# Google Earth



## PompNewbie (Oct 1, 2007)

Hey guys Im looking at Google Earth trying to get ideas on places to go try and getting ideas on how far from what launch etc..

Can anyone point me to where little sabine, big sabine, naval live oaks are?

Appreciate it

Mike


----------



## bluffman2 (Nov 22, 2007)

ok im not from the area but have been there before and i think this is little sabine.....guys correct me if im wrong......


----------



## P-cola_Native (Feb 5, 2008)

That is little Sabine cut, going into little Sabine. The Naval Live Oaks are the trees just east of Gulf Breeze, with butcherpen cove to the north and the sound to the south.


----------



## lobsterman (Sep 30, 2007)

What road is the boat ramp on the Gulf Breeze side catty corner from Big Sabine Point.
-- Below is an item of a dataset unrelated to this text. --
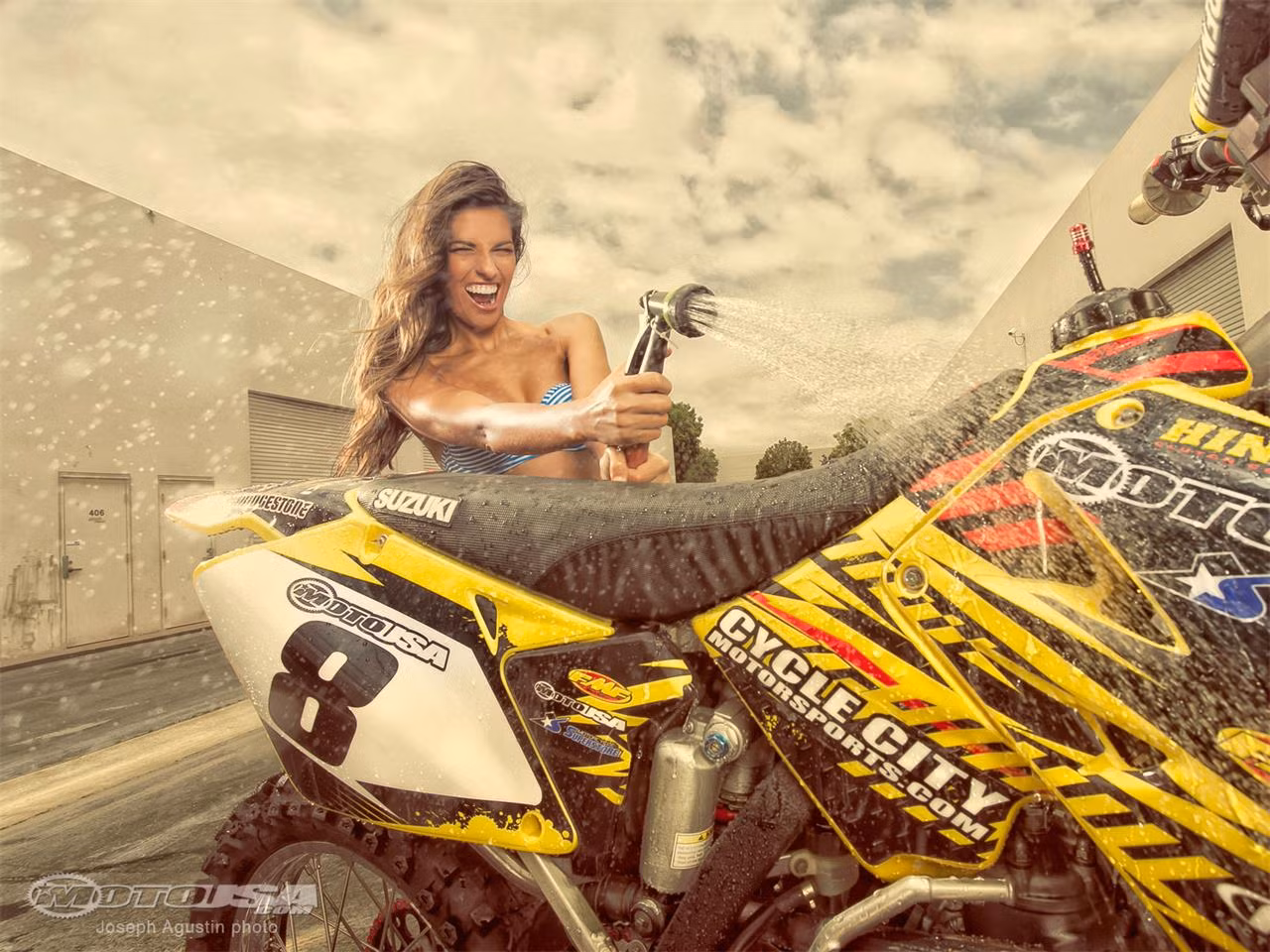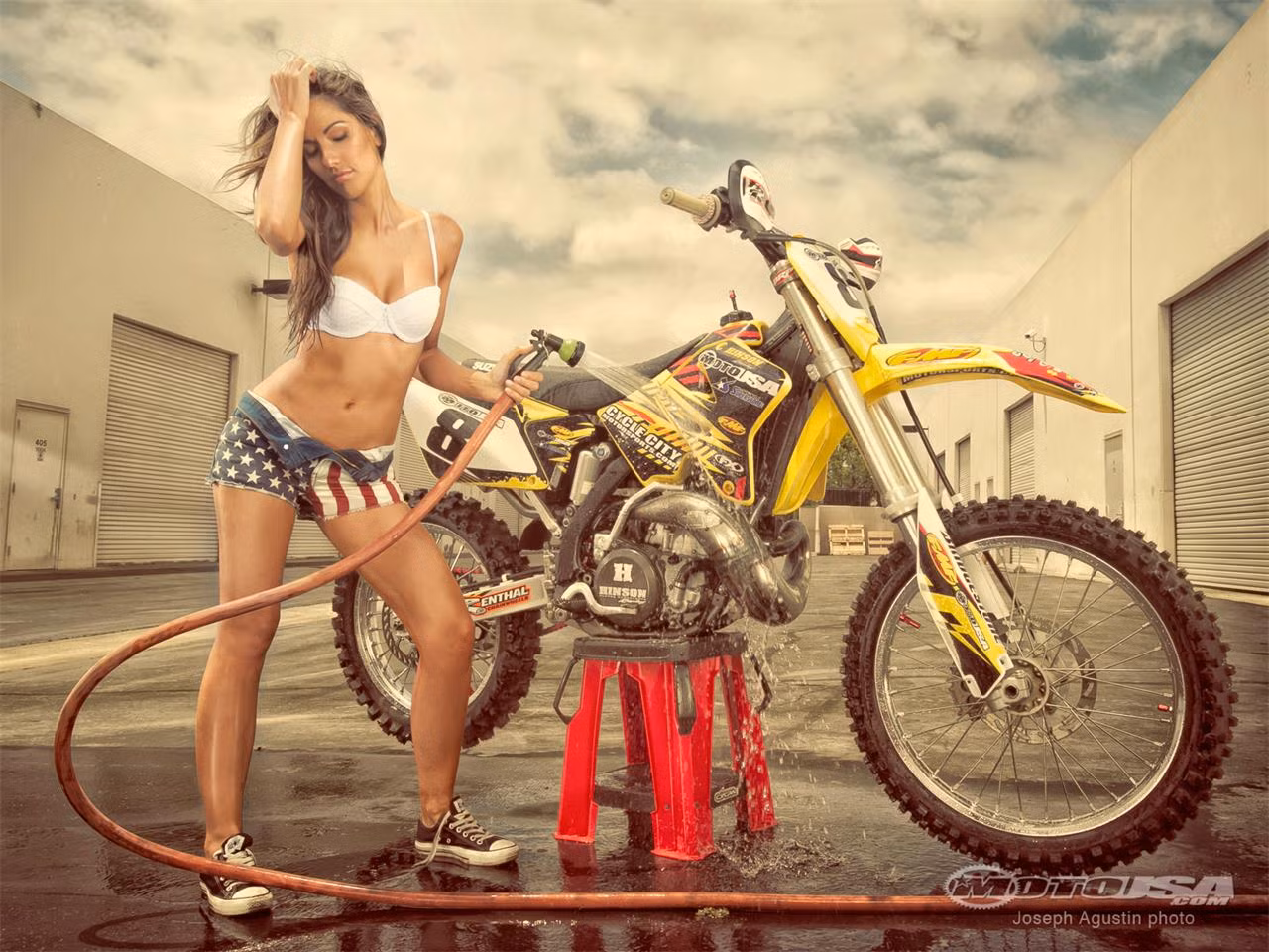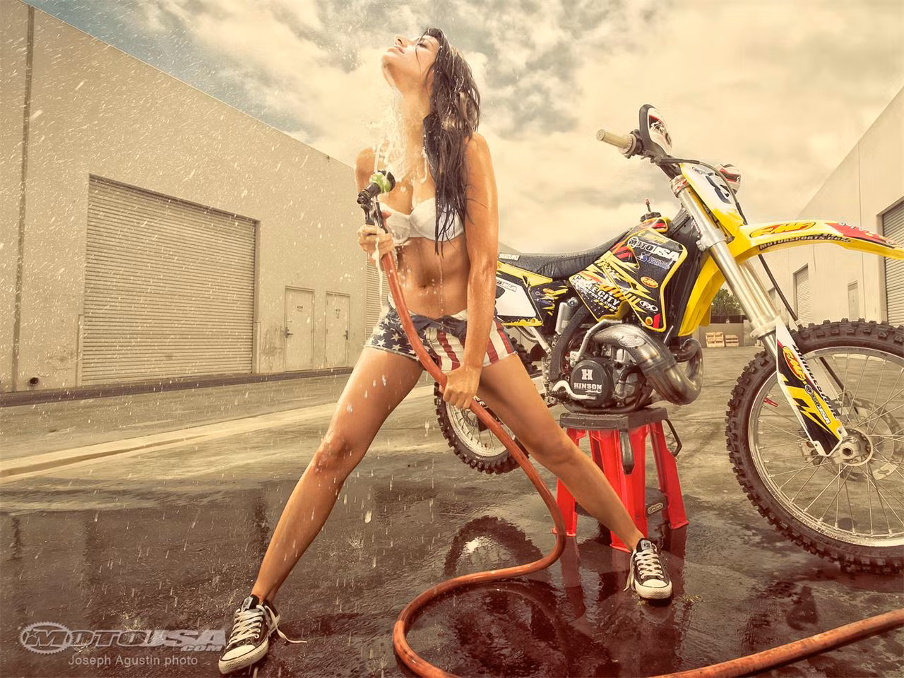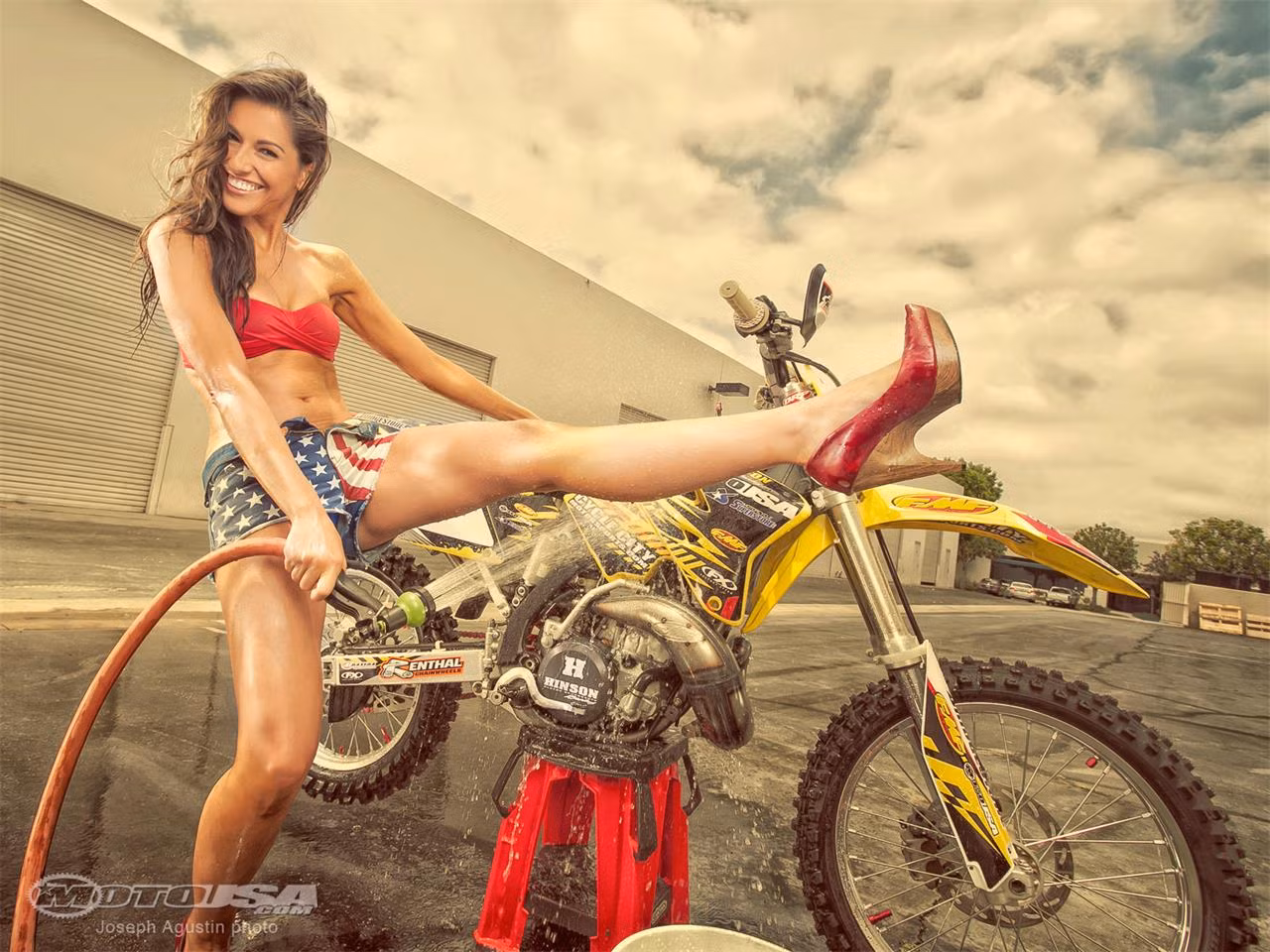 TPO - Sở hữu nụ cười thiên thần và vóc dáng hoàn hảo, cô người mẫu xinh đẹp tạo dáng bên chiếc xế nổ cào cào Suzuki RM250.

I want to say it is on Woodlawn?


----------



## true-king (Oct 2, 2007)

Right, that's the woodlawn ramp.


----------



## PompNewbie (Oct 1, 2007)




----------



## lobsterman (Sep 30, 2007)

Isn't there a ramp on oriole beach road also?


----------



## PompNewbie (Oct 1, 2007)

Yes there is I used to live by it


----------



## Halfmoon (Oct 3, 2007)

What you got Marked Pomp is It. Big sabine is down past the Levin Towers. Nothing but mullet up in there with some cat fish.


----------



## PompNewbie (Oct 1, 2007)

Thanks all


----------



## true-king (Oct 2, 2007)

> *Halfmoon (7/22/2008)*What you got Marked Pomp is It. Big sabine is down past the Levin Towers. Nothing but mullet up in there with some cat fish.


Yep, pretty much it.


----------